Застава на Аргуни
Шрифт:
Торопов оттолкнул тетрадь с планами, встал из-за стола, потянулся за махоркой.
— Ты посуди сам, молодежь ведь едет, самая что ни на есть зеленая. Первое впечатление много значит. Мы-то мужиками приходили в армию, а нынче юнцы прибывают, — все так же мягко, но настойчиво внушал Панькин.
Торопов, дымя папироской, отвернулся от политрука.
— Надо провести генеральную уборку. Истопим баньку, дадим денька два-три отдыха. Распорядился бы послать кого-нибудь на охоту. Знаешь, как пригодилась бы сейчас
— Слушай, Михаил Семенович, ты брось этими штучками заниматься. Комиссару буду жаловаться! — пригрозил лейтенант.
Политрук пропустил угрозу мимо ушей.
— Значит, договорились?.. Ты оставляешь в моем распоряжении старшину и Павличенко. Я присоединяю к ним повара Михеева, Нину Сергеевну. Получится неплохая хозбригада. Делаем аврал и встречаем ребят честь по чести.

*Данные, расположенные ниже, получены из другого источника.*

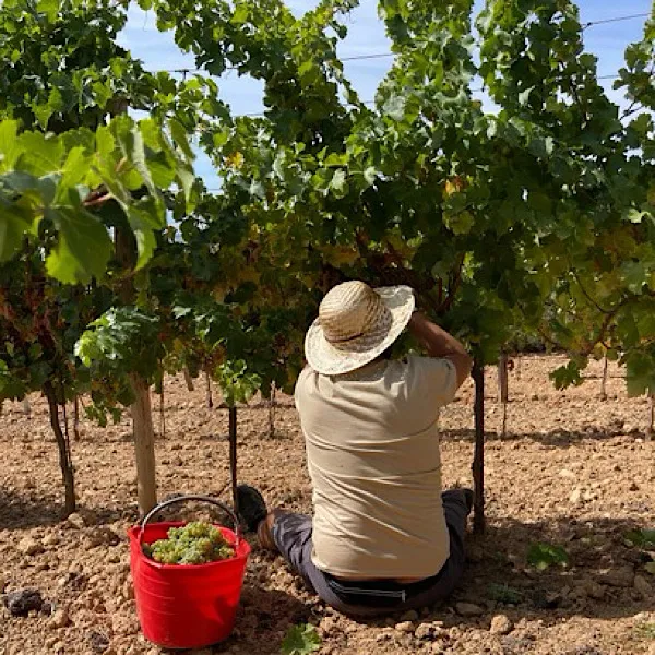Vendimia manual en cajas de 12- 14 kg. Selección de racimos en mesa.

— Бери повара, дневального по конюшне и достаточно, — упорствовал Торопов.
— Дневального нельзя, ему работы и без того хватит. Кони должны быть чистыми.
Панькин постукивал пальцем по портупее. Возбужденный Торопов подошел к окну, обвел рассеянным взглядом широкий, обнесенный штакетником двор, на мгновение задержал глаз на блокгаузе и вдруг забарабанил по раме, показывая кому-то кулак. Панькин выглянул в окошко. Часовой по заставе, прикомандированный связист Дудкин, играл с чьей-то дворняжкой. Увидев кулак, он поддел собаку ногой и, взяв как ни в чем не бывало винтовку на руку, пошел вдоль забора.
Панькин хитро улыбнулся.
— Да хватит тебе поучать, знаю без тебя! — вспылил Торопов.

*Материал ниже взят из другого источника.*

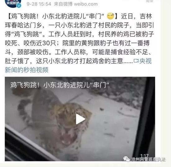 沧州多地出现金钱豹?警方:移花接木的谣言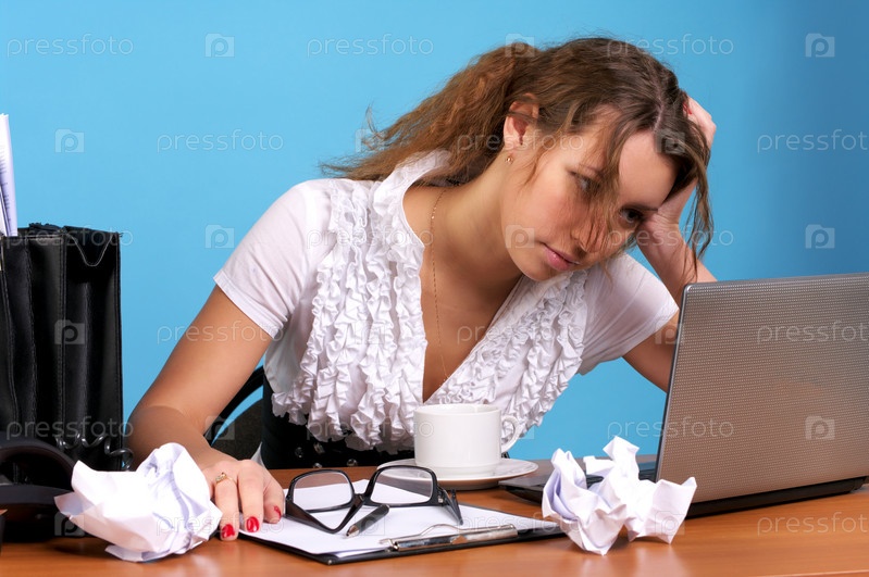 Симпатичная деловая женщина устало смотрит на ноутбук, сидя на рабочем месте

— Чего ты кипятишься? Я же ничего не сказал, — улыбнулся Панькин.
— Знаю, что хотел сказать! Видишь, к чему приводят послабления? А ты доказываешь! — И словно боясь, что политрук начнет опять возражать, Торопов поспешно согласился: — Ладно, бери. День вам сроку! А теперь давай лучше закончим план.
Через полчаса план был составлен, но политрук, похоже, уходить не собирался. В канцелярии наступила тишина. Торопов настороженно поглядывал на Панькина из-под насупленных бровей.
— По-моему, ты, Игорь, боишься молодняка, — задумчиво заговорил Панькин. — Потому и нервничаешь эти дни, злишься. Трусишь?
— Я… трушу? — вскипел Торопов. — Чего мне трусить?
— Сомневаешься, хватит ли пороху. Застава наша всегда впереди шла. Семьдесят шесть нарушителей границы задержано Стрелкой. Счет приличный. Восемнадцать — при тебе. Неплохо. А вот что будет дальше, когда на охрану станут новички, не знаешь. Потому и трусишь. Ходить в отстающих не хочешь. Не привык!
Самоуверенный Торопов слушал политрука спокойно и даже чуть-чуть снисходительно, но Панькин понимал, что в душе он бушевал.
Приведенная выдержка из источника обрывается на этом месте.